**Task description**
The response must consist of the lines below from the one with "AHCC EASY RIDER 5594E" through the one with "In this issue, we", exactly as they appear and with both ends kept.

**Records for this exercise**
*** Begin section ***
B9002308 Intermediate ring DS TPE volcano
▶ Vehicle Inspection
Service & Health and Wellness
*** End section ***
*** Begin section ***
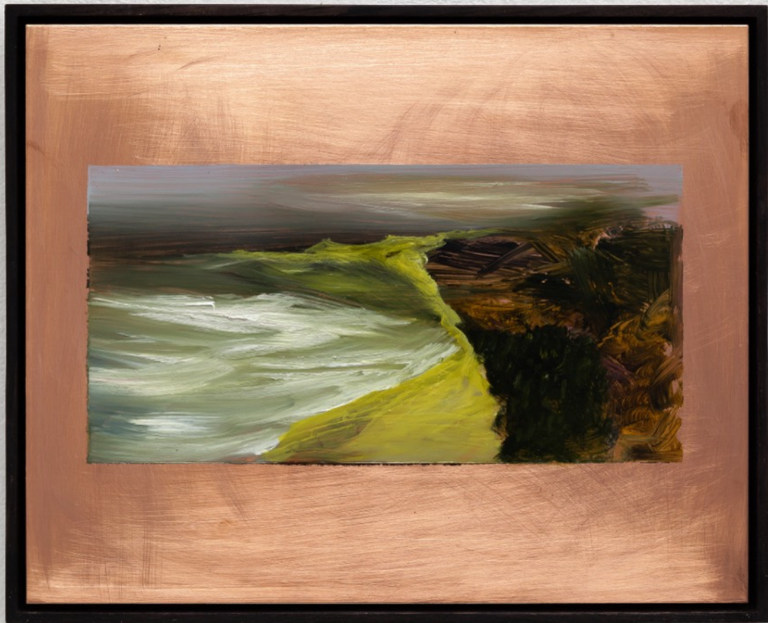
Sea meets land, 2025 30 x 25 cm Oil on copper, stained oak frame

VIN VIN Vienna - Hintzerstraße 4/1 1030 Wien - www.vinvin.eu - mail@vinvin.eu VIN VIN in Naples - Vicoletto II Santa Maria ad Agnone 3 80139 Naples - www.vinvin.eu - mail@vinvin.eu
*** End section ***
*** Begin section ***
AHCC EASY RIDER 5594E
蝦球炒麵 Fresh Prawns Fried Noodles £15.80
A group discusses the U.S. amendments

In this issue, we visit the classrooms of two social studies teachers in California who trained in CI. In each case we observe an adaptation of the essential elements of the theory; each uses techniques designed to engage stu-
*** End section ***
**Response**
AHCC EASY RIDER 5594E
蝦球炒麵 Fresh Prawns Fried Noodles £15.80
A group discusses the U.S. amendments

In this issue, we visit the classrooms of two social studies teachers in California who trained in CI. In each case we observe an adaptation of the essential elements of the theory; each uses techniques designed to engage stu-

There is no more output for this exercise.